8. Il ressort de la fiche pénale de l'intéressé que M. A a été condamné le 25 juin 2012 à une peine de trois mois de prison pour des faits de violences conjugales. Il ressort de plus du bulletin n° 2 de son casier judiciaire, qu'il a également été condamné le 28 avril 2014 par le tribunal correctionnel du Mans à une peine de trois mois d'emprisonnement pour des faits similaires s'étant déroulés du 17 aout 2013 au 18 aout 2013. Par suite, en se fondant sur la menace à l'ordre public que représente M. A pour refuser le titre sollicité, le préfet de la Sarthe n'a entaché sa décision ni d'erreur de droit ni d'erreur d'appréciation.

9. En cinquième lieu, d'une part, aux termes de l'article 8 de la convention européenne de sauvegarde des droits humains et des libertés fondamentales : " 1. Toute personne a droit au respect de sa vie privée et familiale, de son domicile et de sa correspondance. / 2. Il ne peut y avoir ingérence d'une autorité publique dans l'exercice de ce droit que pour autant que cette ingérence est prévue par la loi et qu'elle constitue une mesure qui, dans une société démocratique, est nécessaire à la sécurité nationale, à la sûreté publique, au bien-être économique du pays, à la défense de l'ordre et à la prévention des infractions pénales, à la protection de la santé ou de la morale, ou à la protection des droits et libertés d'autrui ".

10. D'autre part, aux termes de l'article 3 de la convention internationale des droits de l'enfant : " 1. Dans toutes les décisions qui concernent les enfants, qu'elles soient le fait des institutions publiques ou privées de protection sociale, des tribunaux, des autorités administratives ou des organes législatifs, l'intérêt supérieur de l'enfant doit être une considération primordiale. / () ".

11. M. A soutient que la décision attaquée méconnait les stipulations reproduites aux points n° 9 et 10. À l'appui de son moyen, l'intéressé produit un diplôme d'études en langue française, niveau B2, un acte de mariage et l'acte de naissance de son fils né le 18 mai 2019. Toutefois, en l'absence de démonstration d'une quelconque atteinte aux droits reconnus par les articles 8 de la convention européenne de sauvegarde des droits humains et des libertés fondamentales et 3 de la convention internationale des droits de l'enfant, et compte tenu des infractions dont l'intéressé a été l'auteur et pour lesquelles il a été condamné, la décision attaquée ne porte pas une atteinte disproportionnée aux droits garantis par ces stipulations.
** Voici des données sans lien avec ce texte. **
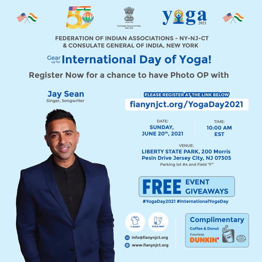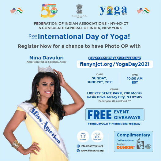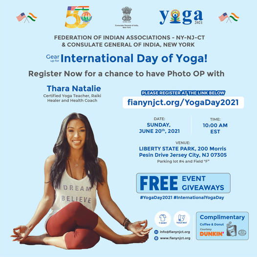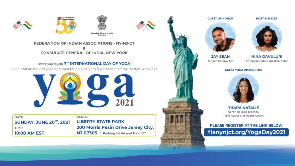 The Federation of Indian Associations of the tri-state area of New York, New Jersey and Connecticut and the Consulate General of India, New York, is organising a one-hour-long yoga and meditation program on the occasion of the Seventh International Day of Yoga on June 20, 2021 at Liberty State Park,200 Morris Pesin Drive Jersey City, New Jersey. The FIA has invited all to join the program.
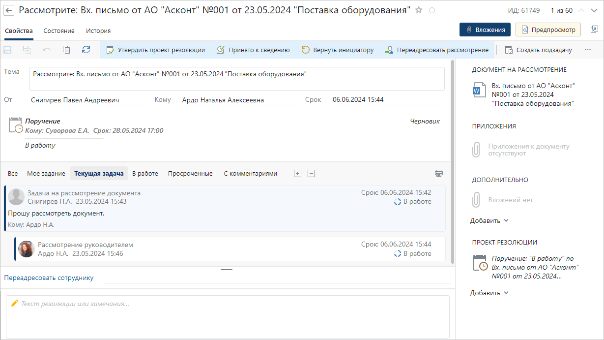 Проект резолюции создается автоматически, если для руководителя, который выдает поручения в ходе рассмотрения документа, настроен виртуальный помощник с установленным флажком Готовит резолюцию для руководителя. В этом случае руководителю или его помощнику приходит задание с вложенным проектом резолюции:

Par suite le moyen doit être écarté.

12. Il résulte de tout ce qui précède que la requête de M. A doit être rejetée, en toutes ses conclusions.

D E C I D E :

Article 1er : La requête de M. A est rejetée.

Article 2 : Le présent jugement sera notifié à M. B A, à Me Alain Ifrah et au préfet de la Sarthe.

Délibéré après l'audience du 20 mars 2024, à laquelle siégeaient :

Mme Rimeu, présidente,

M. Jégard, premier conseiller,

Mme El Mouats St Dizier, conseillère.

Rendu public par mise à disposition au greffe le 10 avril 2024.

Le rapporteur,

X. JÉGARDLa présidente,

S. RIMEU

La greffière,

P. LABOUREL

La République mande et ordonne au préfet de la Sarthe en ce qui le concerne ou à tous commissaires de justice à ce requis en ce qui concerne les voies de droit commun contre les parties privées, de pourvoir à l'exécution de la présente décision.